Academies developed out of previous Conservative Governments’ City Technology Colleges (CTCs) established in the mid-1980s, and city academy programmes. CTCs, which were established under the Education Reform Act 1988 were the first state schools to be free from local authority control. That Act also enabled local authority maintained schools to opt out of local authority control by becoming Grant-Maintained (GM) schools. The Labour Government’s School Standards and Framework Act 1998 overhauled the categories of school and brought GM schools back into the local authority maintained system.  The Learning and Skills Act 2000 made provision for the creation of city academies, subsequently renamed academies under the Education Act 2002. The 2002 Act permitted academies to be set up in any area, not just in urban areas. The first academies opened in 2002, with just over 200 now  up and running.

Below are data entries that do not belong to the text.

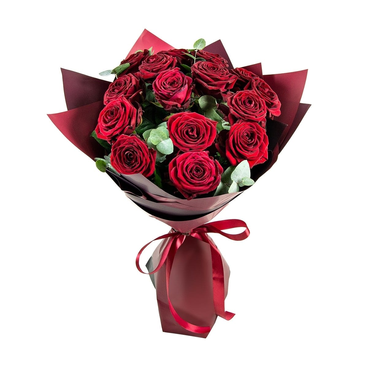 Acest buchet contine: 15 trandafiri rosii, 1 pachet eucalipt, 3 coli, funda si alte materiale.
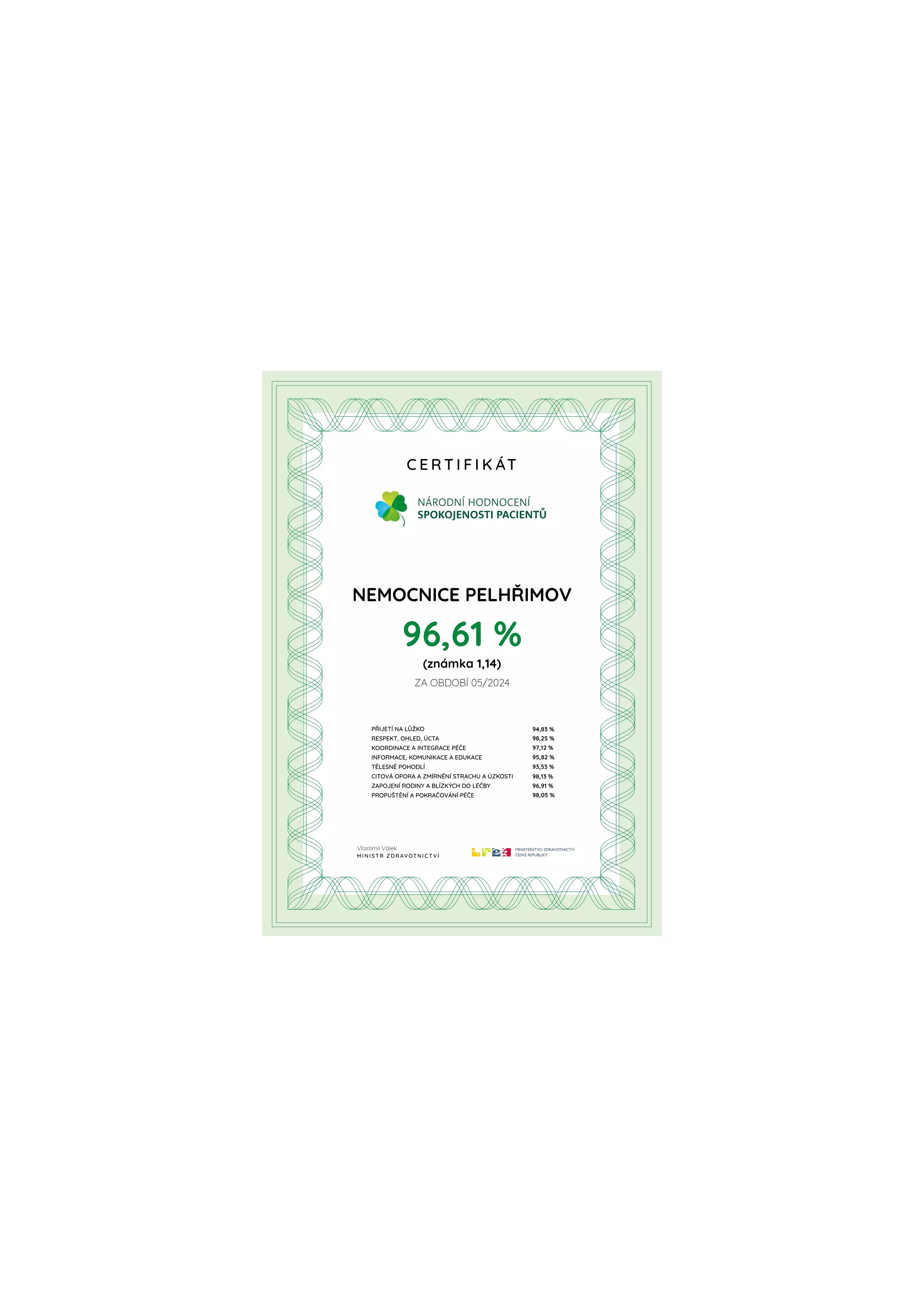 Nemocnice Pelhřimov opět prokázala vysokou úroveň péče o své pacienty. V rámci Národního hodnocení spokojenosti hospitalizovaných pacientů MZČR za rok 2024 obdržela vynikající známku 1,14 (celková spokojenost 96,61 %), která ji řadí mezi přední nemocnice v České republice. Nemocnice se umístila na 3. místě ze sledovaných 27 zařízeních.
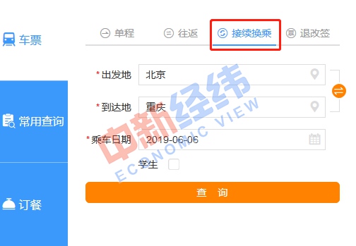 中新经纬客户端以12306网站为例,为大家演示如何“接续换乘”:
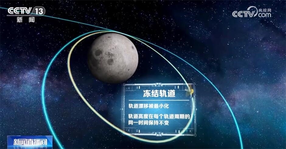 剛才提到了環(huán)月大橢圓凍結(jié)軌道,那什么是凍結(jié)軌道?所謂凍結(jié)軌道是一種特殊的航天器軌道,在這類軌道上運(yùn)行的航天器,通過恰當(dāng)?shù)卦O(shè)計(jì)軌道參數(shù),軌道漂移可以被最小化。通常位于這種軌道上的衛(wèi)星在很長一段時(shí)間內(nèi),其軌道高度在每個軌道周期的同一時(shí)間是保持不變的。因此,一旦進(jìn)入這個軌道,鵲橋二號將最大程度地節(jié)省燃料,能夠保證它的軌道的遠(yuǎn)月點(diǎn)一直位于月球南極區(qū)域上方,從而確保了它在為期8年的設(shè)計(jì)壽命中,長時(shí)間、穩(wěn)定地支持后續(xù)南極地區(qū)的探月任務(wù)。
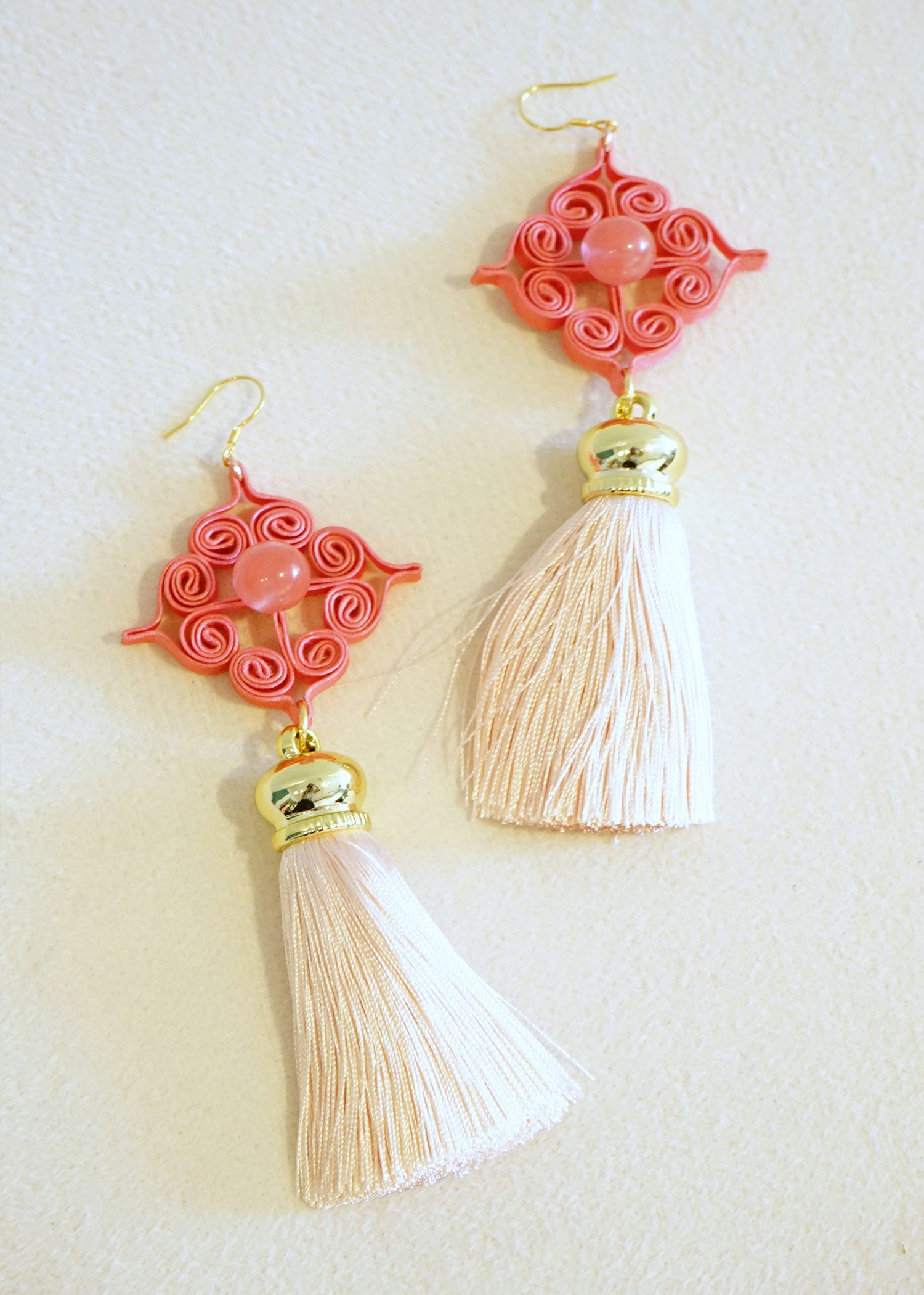 Introducing our enchanting Ru Yi Pankou Tassel Earrings - a perfect blend of delicate beauty and playful elegance. The handmade Ru Yi pankou matched with delicate tassels make this pair of earrings a fashion statement and will elevate any outfit.

Initially, it is true  academies were established to replace poorly-performing schools, but subsequently the programme included new schools in areas that needed extra school places and in this  latter period there was  less focus on whether or not an Academy was   being set up  in a demonstrably  disadvantaged area. So,  Balls outrage  and accusations about social engineering  looks, in this context,  somewhat contrived and  overblown.

Baker points out that the political philosophy behind GM schools was to recreate the recipe for success that existed in the private sector – autonomous institutions led by confident and entrepreneurial head teachers. And the stark difference between Labour’s academies and the new version lies in the underlying philosophy according to Baker. The former were about central government intervention to rectify the problems of market failure. (although its hard  to   see how   the schools system at the time could be described   as a ‘market’)  They rescued children who were left in the schools that few parents would choose. By contrast, the new generation of academies are about releasing market forces in the belief that autonomous schools responding to parental choice will raise standards. But the important point about this new initiative the Government argues  is that it  is seeking ultimately to offer  Academy freedoms to all schools. The idea is that it is permissive rather than coercive. No school will be forced to change status but they should all ultimately  be given that opportunity.  But, crucially, they  will not be disadvantaged by not changing their status, and certainly not financially. Indeed the Government has indicated that it doesn’t believe that most Primary schools will take up the autonomy  offer and is easy with that. If the GM initiative could be accused of  not   fully taking  into account the possible impact on neighbouring schools, which some critics argue was the case,  the Government  counters  by   saying that   new academies will be expected to support weaker neighbours, and indeed this is written into the funding agreement .  Before a free school is established there will also be an assessment of its possible impact on neighbouring schools. Academies  will have to comply with the national admissions code, and the pupil premium will give extra aid to schools in deprived areas. Indeed on SEN support the Government argues that changes brought about by the new  Act will ensure that pupils with SEN will be better protected and supported now than they were under the last Governments Academies legislation.

Baker takes particular exception to the perceived lack of parental involvement in decision-making over status change. There is  one important difference between the old GM schools and today’s new academies he says  – the former required majority support in a secret ballot of parents, the latter do not even need a show of hands at a parents’ meeting.  “With GM Mark II, it seems, the parental voice has been forgotten.” However the Government has made it clear that a school wishing to change status must consult with ‘appropriate’  interested parties  and  have explicitly stated that this will include parents. For free schools anyone wishing to establish a free school must demonstrate that there is a demand for such a school in that particular area. Of course one can quibble about the detail of  how this will be done   but  one has to trust school governors and yes parents, often one and the same, to make these kind of judgements and if we really want decision-making from the bottom up rather than the  top down this seems a  good  enough place to start.